The body portion 168 may further include one or more transverse webs 196. The transverse webs 196 are oriented to traverse the web portion 192 to connect the web portions 192 together. In one exemplary configuration, the body portion 168 includes at least one transverse web 196 that operatively defines the outer diameter of the body portion 168. The outer diameter can be sized to fit within the lumen of the outer tube 102 such that the closure 104 and the outer tube 102 can selectively slide relative to each other. However, the outer diameter is also sized to minimize or even eliminate any clearance between the inner surface of the outer tube 102 and the outer surface of the obturator 104. The transverse web 196 serves to provide structural integrity and improved stiffness of the obturator 104.

The use of the surgical access assembly 100 is now described in the context of surgical operations. In operation, once a plan for the surgical locus is established, the surgeon creates a craniotomy and a dural approach incision. Then, the closure 104 is inserted into the outer cylinder 102 until the grip ring 120 abuts against the first stop member 176, for example, as shown in Fig. The career guide member 112 is then operatively connected to the closure 104. Various types of career guide members may be used, as described in co-pending U.S. Patent Application No. 13 / 280,015, and the present invention is not limited to the configurations disclosed herein.

Once the surgical access assembly 100 is assembled and operatively connected to the career guidance system, the surgical access assembly 100 is guided to the area of interest. In one exemplary configuration, the distal tip 178 of the occluder 104 faces the outermost margin of the region of interest, as described in co-pending U. S. Patent Application No. 13 / 280,015.

Due to the tapered configuration of the closure 104 and the closed and curved distal tip 174 and the curved distal tip 132 of the outer tube 102 the surgical access assembly 100 is inserted into the brain and into the region of interest As the pathway is guided, the tissue is pushed gently to either side of the surgical access assembly 100, causing the tissue to expand traumatically, minimizing tissue trauma. And because the surgical access assembly 100 is operatively connected to the career guide member 112, as the surgical access assembly 100 is inserted into the brain tissue, the career guide member 112 is interlocked with the imaging technique To provide real time information about the fiber tract in the locus T so that the surgeon can minimize damage or damage to the fiber during insertion of the surgical access assembly 100. [

Once the surgical access assembly 100 is positioned in the area of interest, the career guide member 112 is removed or removed from the surgical access assembly 100.

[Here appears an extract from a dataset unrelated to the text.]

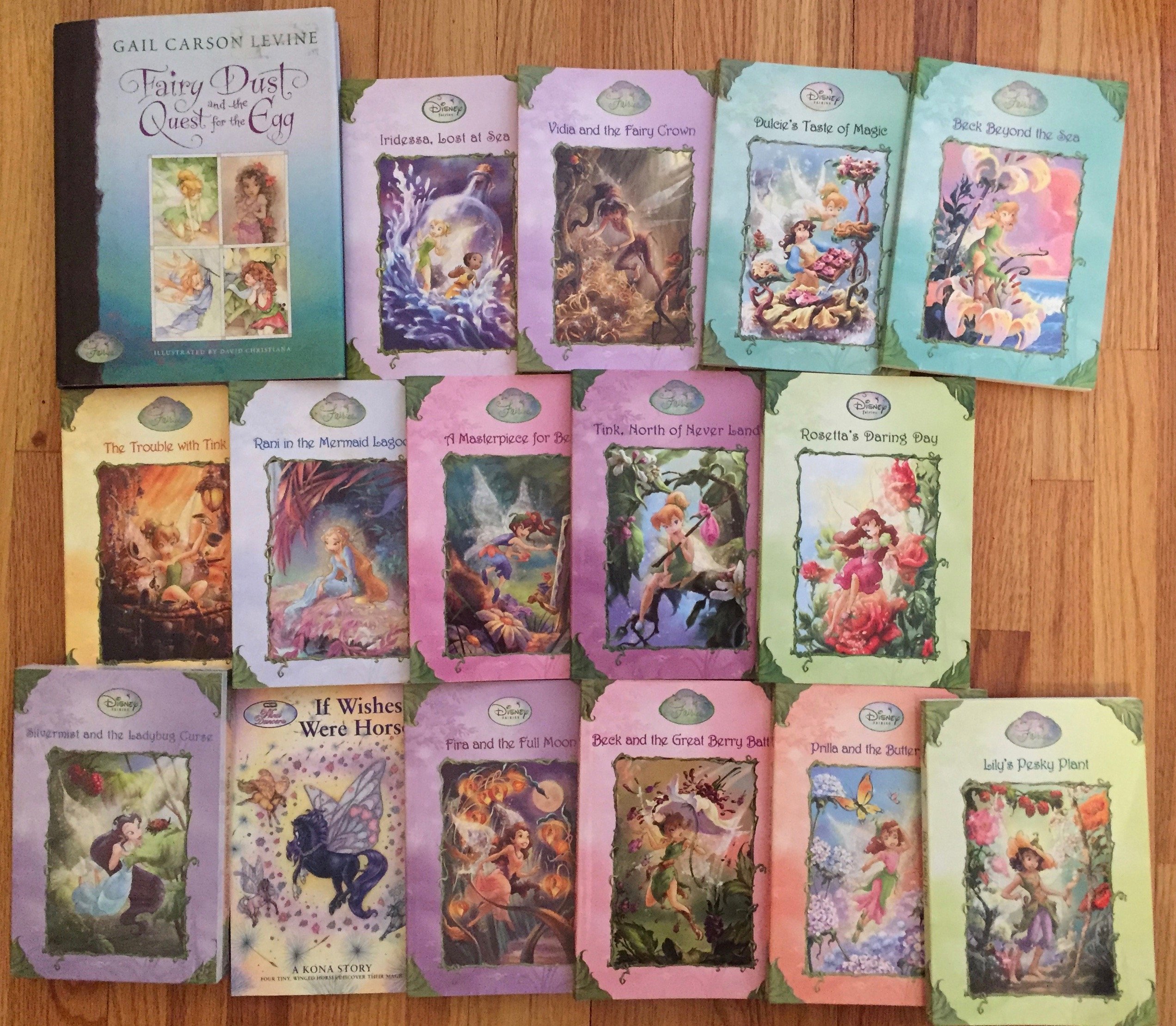 Includes a set of 17 Fairy Dust and the Quest for the Egg by Gail Carson Levine (Hardcover) If wishes Were A Kona Story, A Masterpiece for Bess, Beck and the Great Berry Battle, Beck Beyond the Sea, Dulce’s Taste of Magic, Fawn and the Mysterious Trickster, Fira and the Full Moon, Iridessa, Lost at Sea, Lily’s Pesky Plant, Prilla and the Butterfly Lie, Rani in the Mermaid Lagoon, Rosetta’s Daring Day, Silver mist and the Ladybug Curse, Tink, North of Never Land, The Trouble with Tink, Vidia and the Fairy Crown

The outer barrel 102 is then operatively positioned relative to the area of interest 500. More specifically, as described in co-pending U. S. Patent Application Serial No. 13 / 280,015, the outer tube 102 is moved relative to the obturator 104 such that the distal end 108 of the outer tube 102 is positioned at the distal end of the obturator 104 And is moved toward the distal end 106. This action is performed by holding the grip ring 120 with one hand, for example, by holding the grip member 178 with the other hand and keeping the stopper 104 in a stopped state. The grip ring 120 may be gently rotated and / or rotated about the central axis of the closure 104 to move the outer cylinder 102 relative to the closure 104 in the circle. The first stop member 176 helps to grasp and manipulate the outer tube 102 and a gap 423 (see FIG. 1) is created between the distal end surface of the grip ring 120 and the distal end surface of the grip member. The outer cylinder 102 is positioned within the region of interest 500 by moving the outer cylinder 102 a distance generally corresponding to the length of the distal end portion 172 of the closure 104. [

Once the outer tube 102 is properly positioned, the closure 104 is then removed from the outer tube 102. More specifically, the outer tube 102 remains relatively stationary in the region of interest 500 and the obturator 104 is moved in the proximal direction until it is completely removed from the outer tube 102. This action causes the outer barrel 102 to form a passageway to the region of interest 500.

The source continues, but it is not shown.